I am trying to diagonalize the following matrices:
$$A = \begin{pmatrix}0 & 1\\-1 & 2\end{pmatrix}\qquad B = \begin{pmatrix}1 & 2\\-1&-1\end{pmatrix}$$
For matrix $A$, I find an eigenvalue of $1$ with algebraic multiplicity of $2$. I find, though, that the dimension of its eigenspace consists of $1$ vector? Can I still construct a matrix to diagonalize with somehow?
For matrix B, I get the same scenario for eigenvalues (value of $1$ repeated twice), but am unsure if my eigenspace, consisting of $(1,0)$, is correct? Then again, I am left in the same situation.

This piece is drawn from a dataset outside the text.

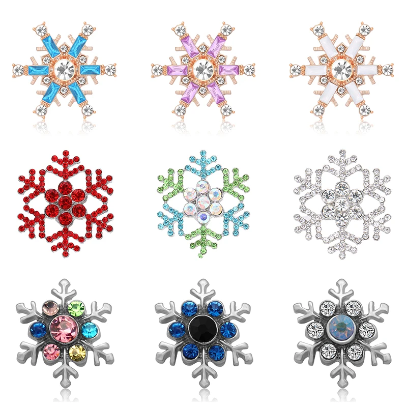 New Beauty Winter Snowflake Crystal rhinestone Christmas metal 18MM snap buttons colorful fit DIY snap jewelry Findings  Read more

Are those matrices un-diagonalizable? (spelling?) Can someone help me out?
Thank you.
Hints:
The first is not diagonalizable, but we can use the Jordan Normal Form. We get:
$$A = PJP^{-1} =\left( \begin{array}{cc} 1 & -1 \\ 1 & 0 \\ \end{array} \right) \left( \begin{array}{cc} 1 & 1 \\ 0 & 1 \\ \end{array} \right) \left( \begin{array}{cc} 0 & 1 \\ -1 & 1 \\ \end{array} \right)$$
The second is diagonalizable and we get:
$$A = PJP^{-1} = \left( \begin{array}{cc} i-1 & -i-1 \\ 1 & 1 \\ \end{array} \right) \left( \begin{array}{cc} -i & 0 \\ 0 & i \\ \end{array} \right) \left( \begin{array}{cc} \frac{1}{2 i} & \frac{i+1}{2 i} \\ -\frac{1}{2 i} & \frac{i-1}{2 i} \\ \end{array} \right)$$